## [EXERCISE REQUIREMENTS]
Please output exactly the lines from the one that holds "我校有18名來自不同院系的同" through the final line of the data, and nothing else; leave out any pictures.

## [DATA UNDER STUDY]
"""
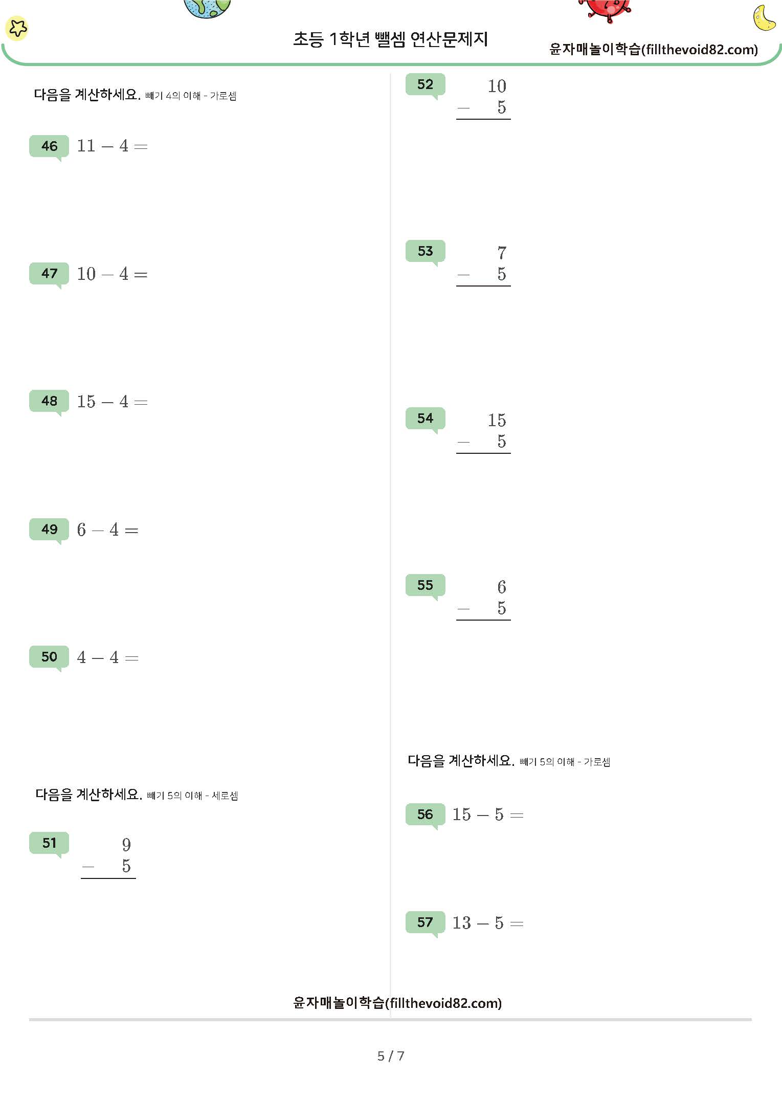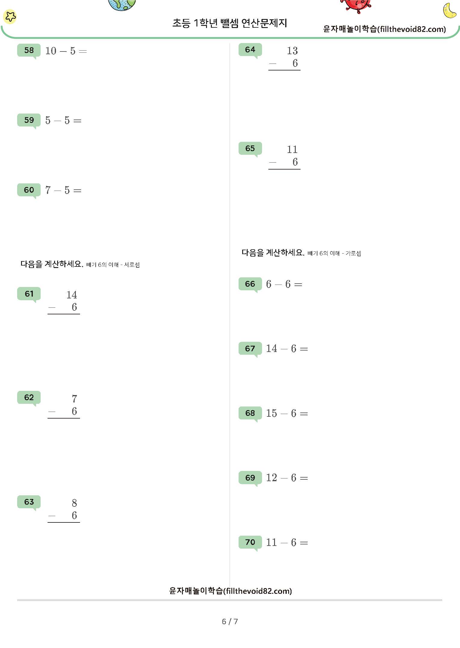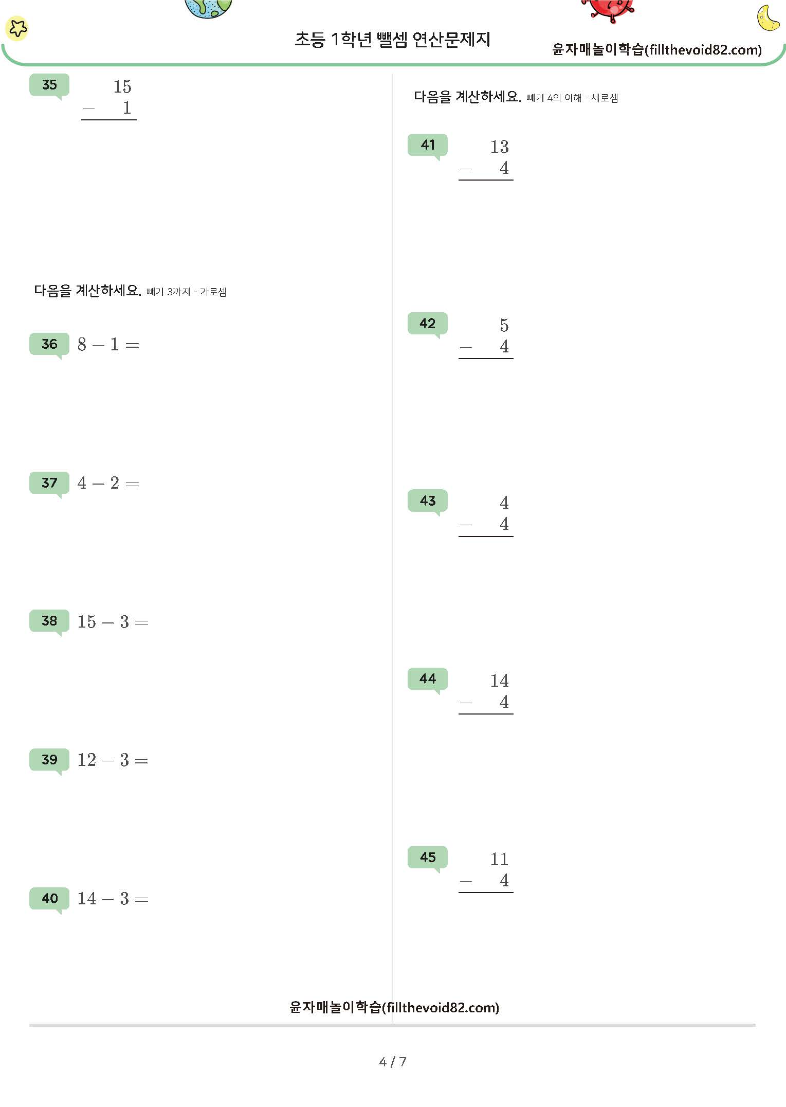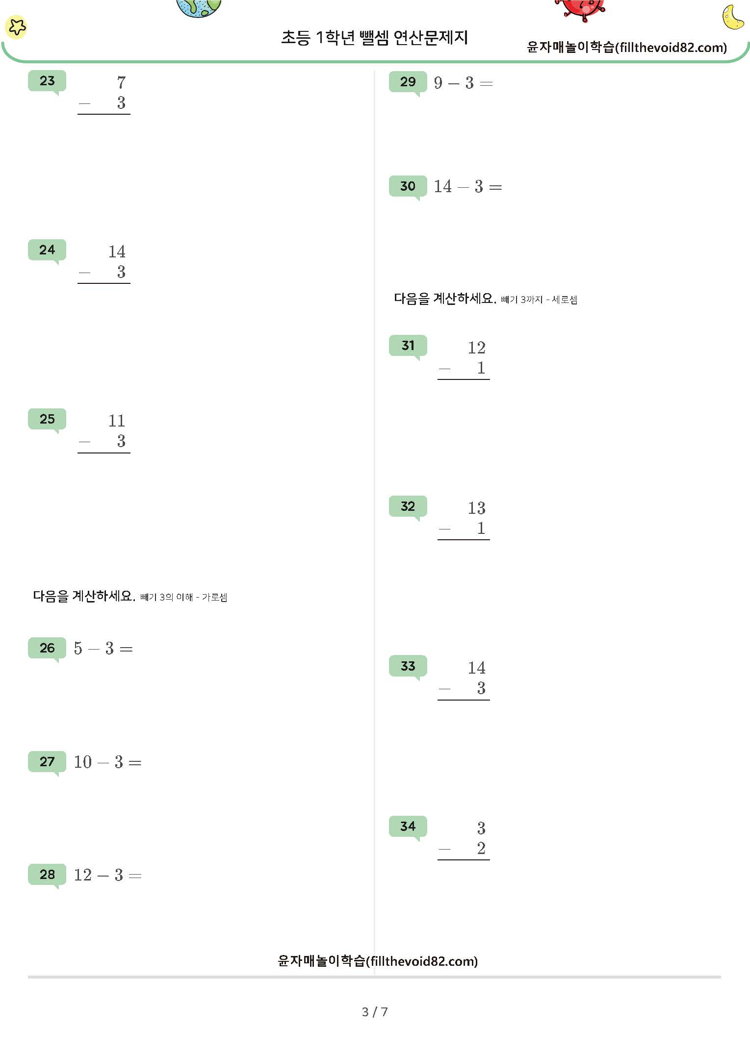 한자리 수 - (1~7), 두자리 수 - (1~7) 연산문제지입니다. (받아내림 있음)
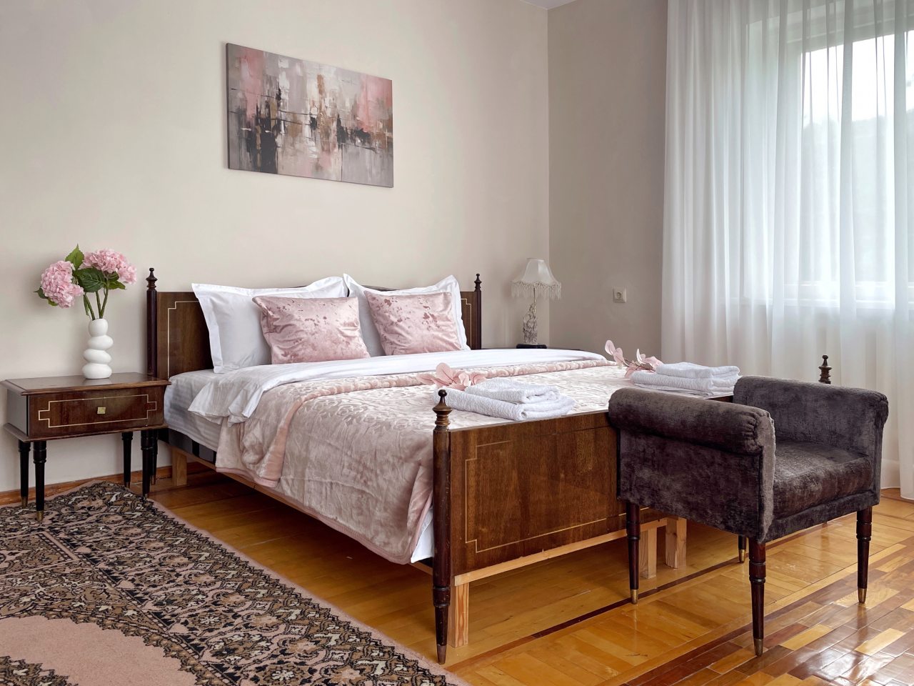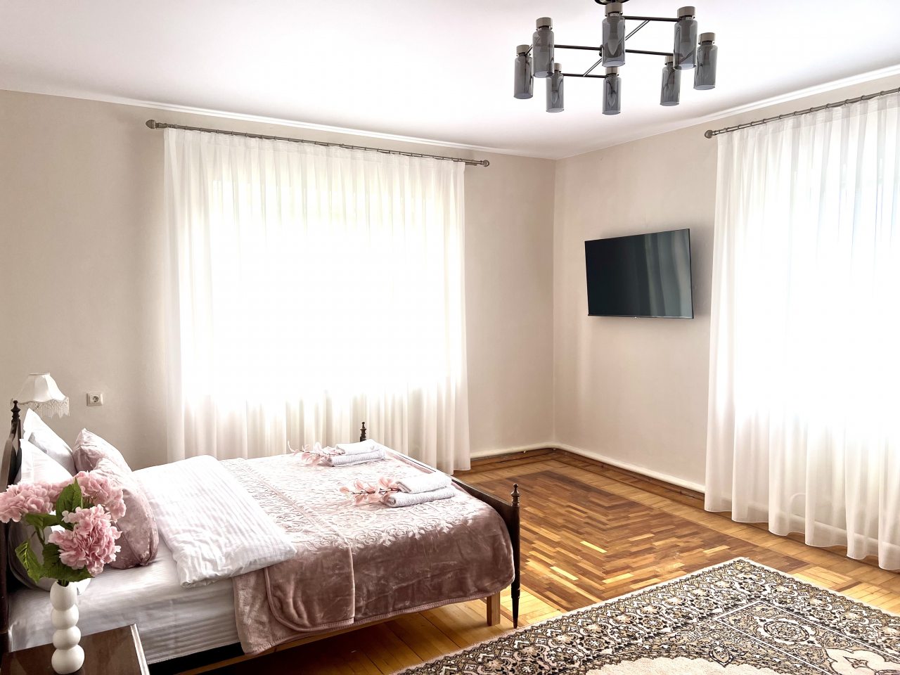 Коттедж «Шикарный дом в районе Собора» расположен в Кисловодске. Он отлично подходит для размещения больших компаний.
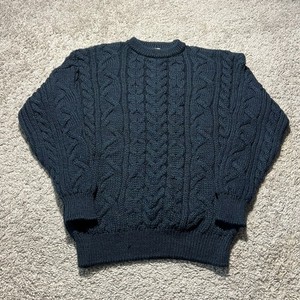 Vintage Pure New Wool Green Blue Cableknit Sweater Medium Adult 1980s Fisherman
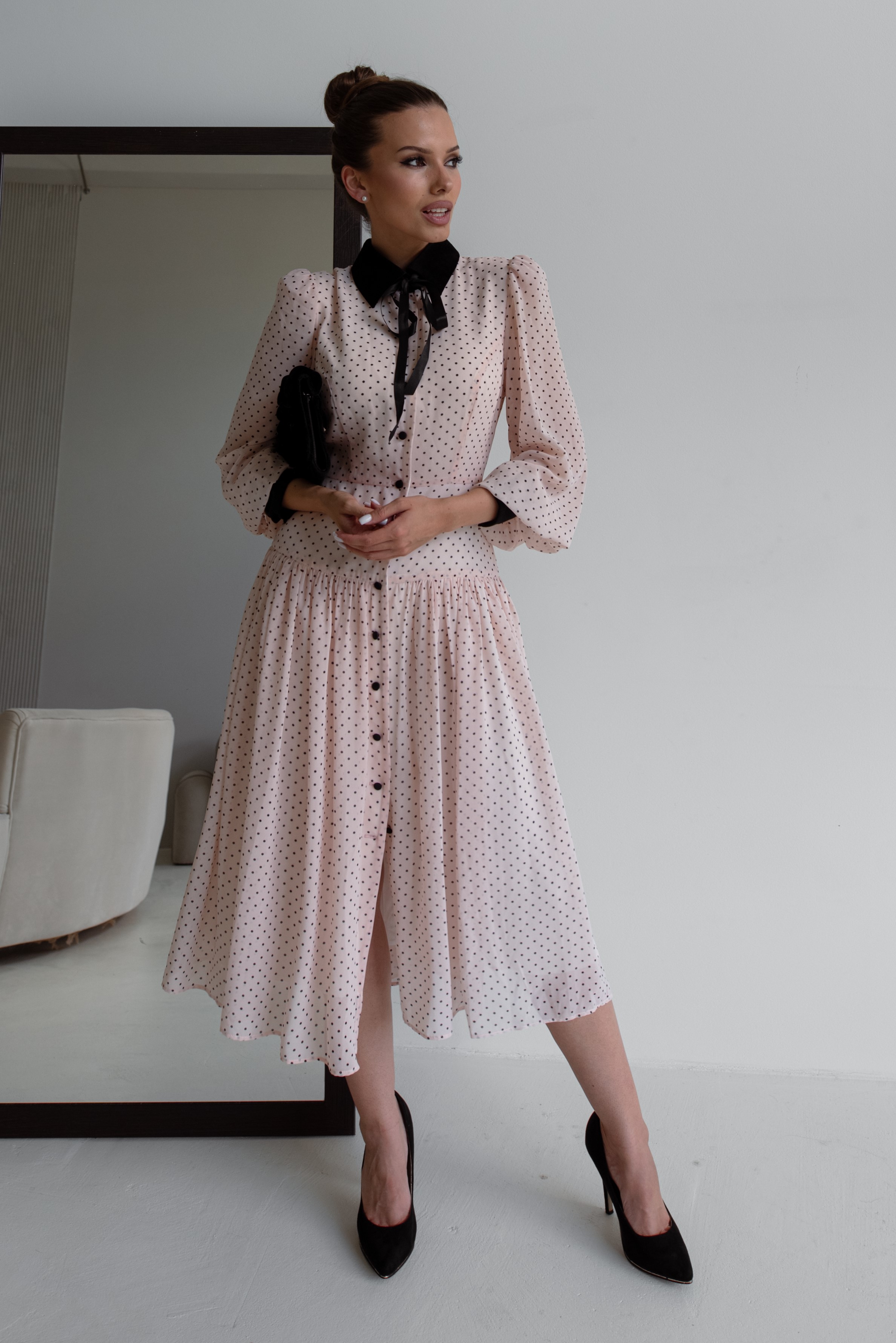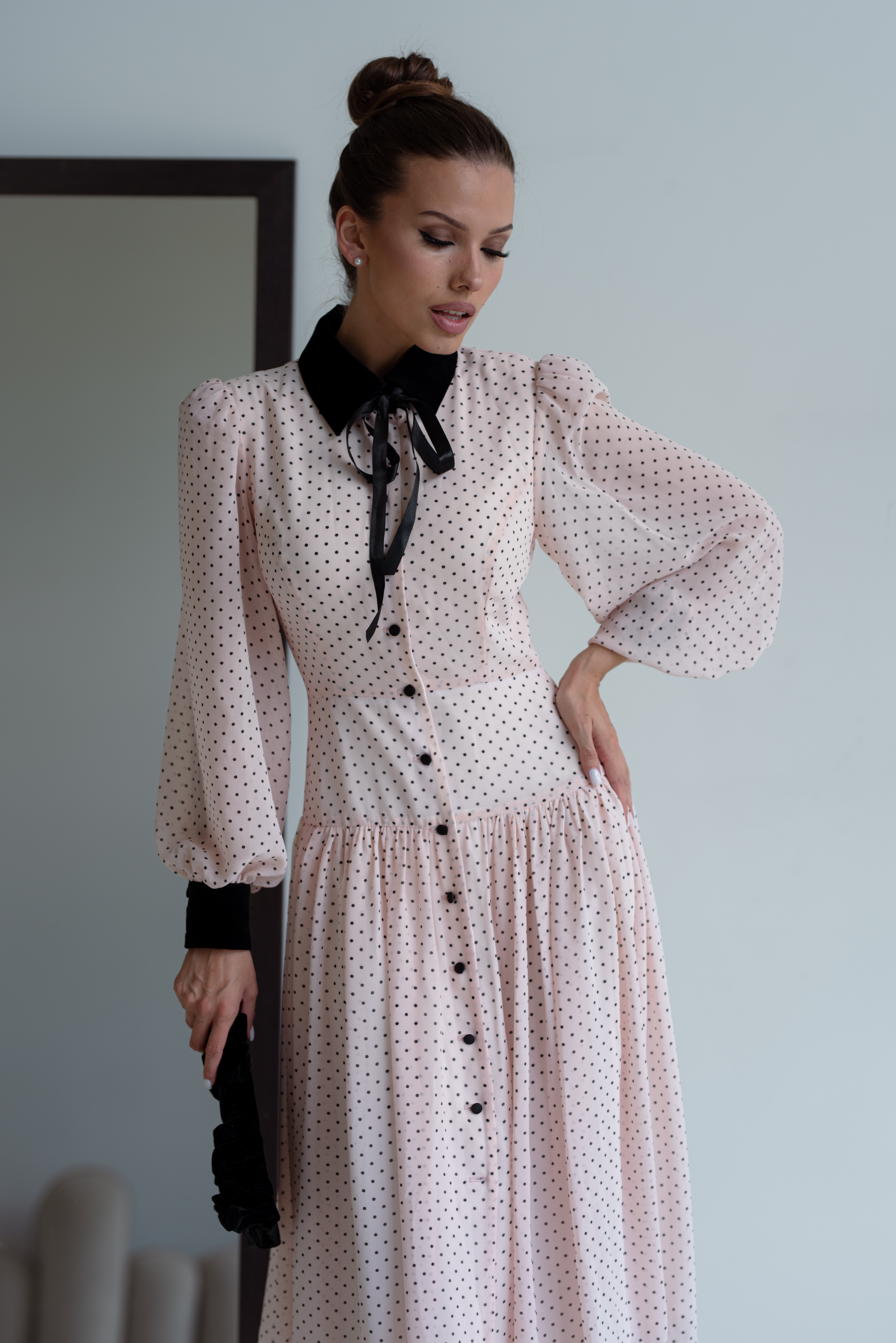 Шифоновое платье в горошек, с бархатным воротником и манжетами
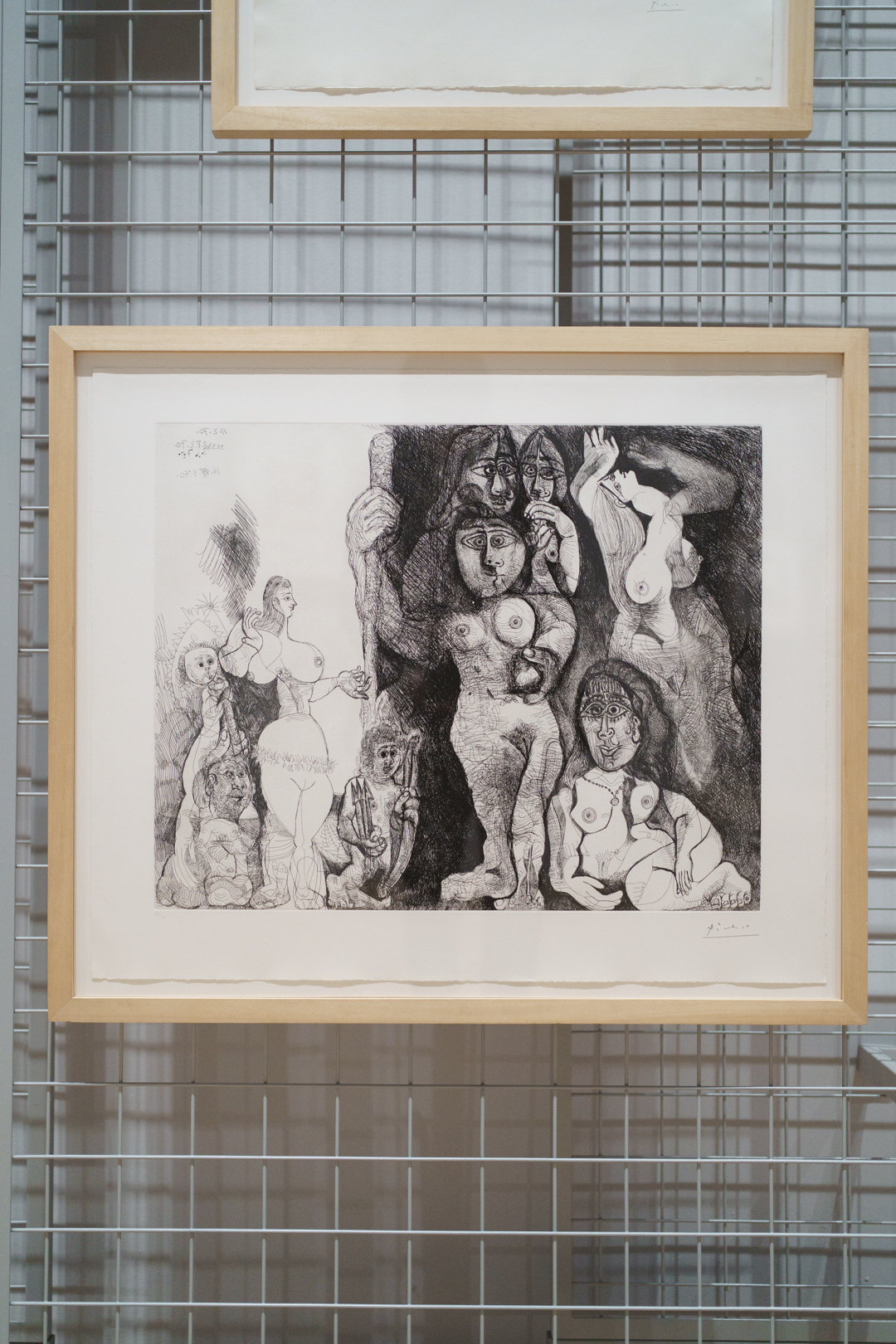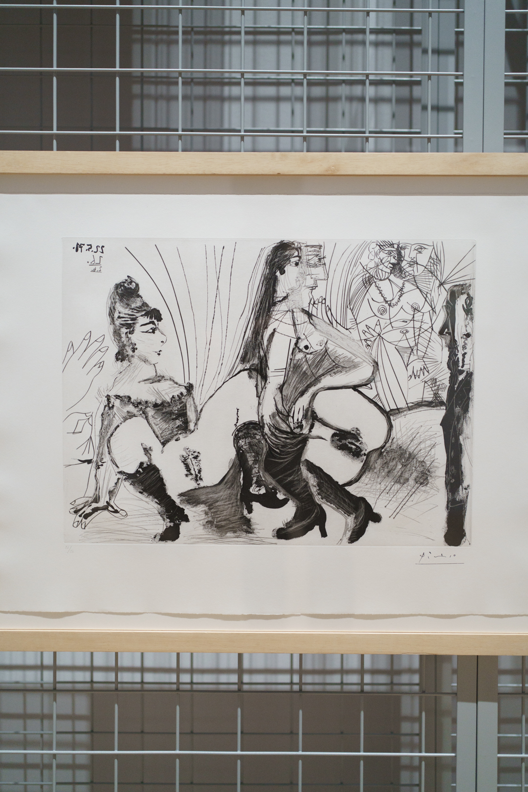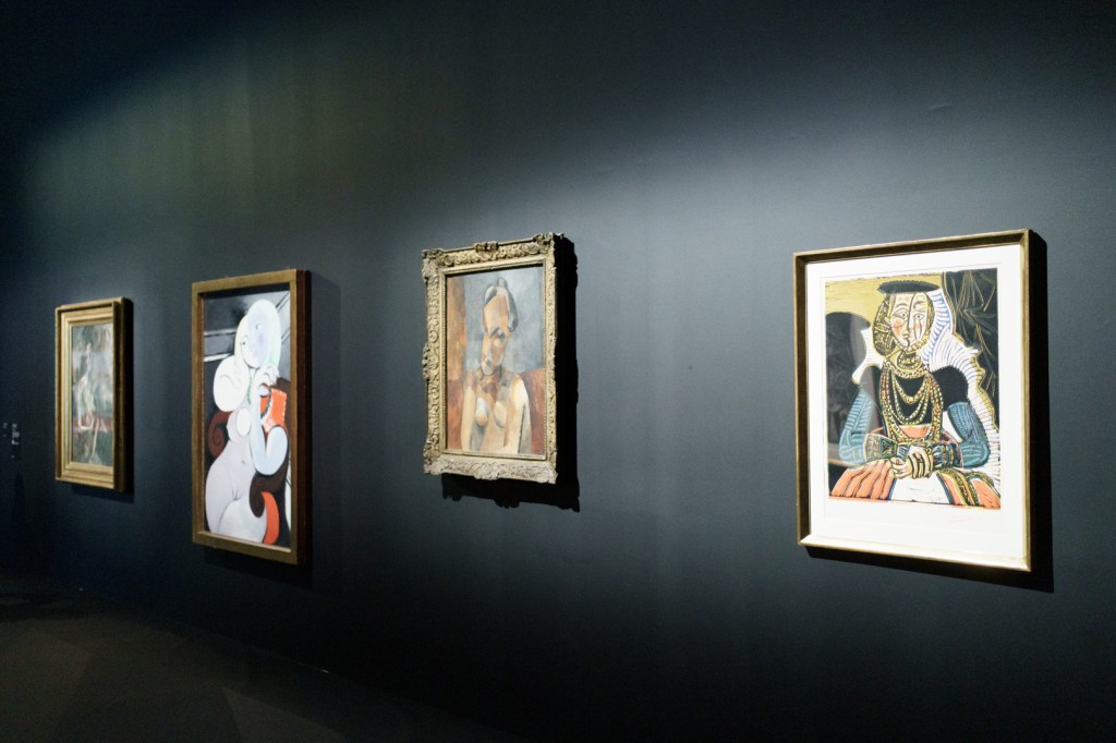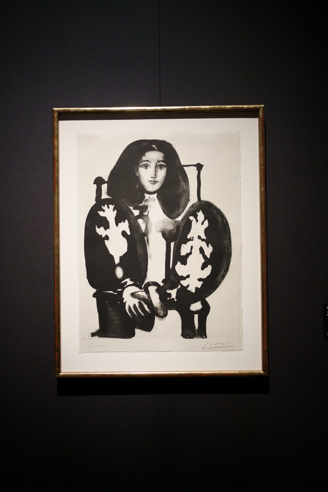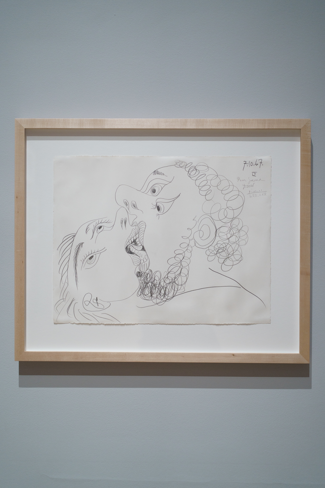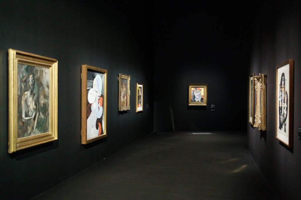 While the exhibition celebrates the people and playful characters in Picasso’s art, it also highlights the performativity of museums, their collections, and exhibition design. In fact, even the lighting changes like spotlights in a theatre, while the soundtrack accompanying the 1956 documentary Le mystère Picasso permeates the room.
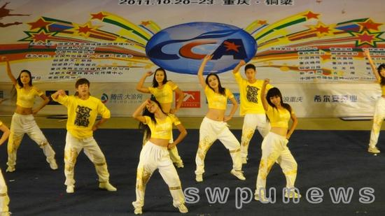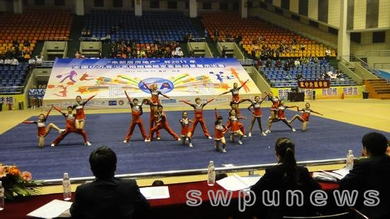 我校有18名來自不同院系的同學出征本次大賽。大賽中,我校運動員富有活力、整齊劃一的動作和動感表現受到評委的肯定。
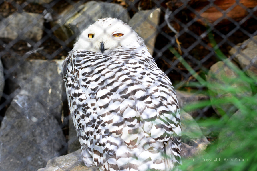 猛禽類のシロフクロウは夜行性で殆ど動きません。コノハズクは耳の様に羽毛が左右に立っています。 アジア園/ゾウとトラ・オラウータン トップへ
"""
## [RESPONSE]
 我校有18名來自不同院系的同學出征本次大賽。大賽中,我校運動員富有活力、整齊劃一的動作和動感表現受到評委的肯定。
 猛禽類のシロフクロウは夜行性で殆ど動きません。コノハズクは耳の様に羽毛が左右に立っています。 アジア園/ゾウとトラ・オラウータン トップへ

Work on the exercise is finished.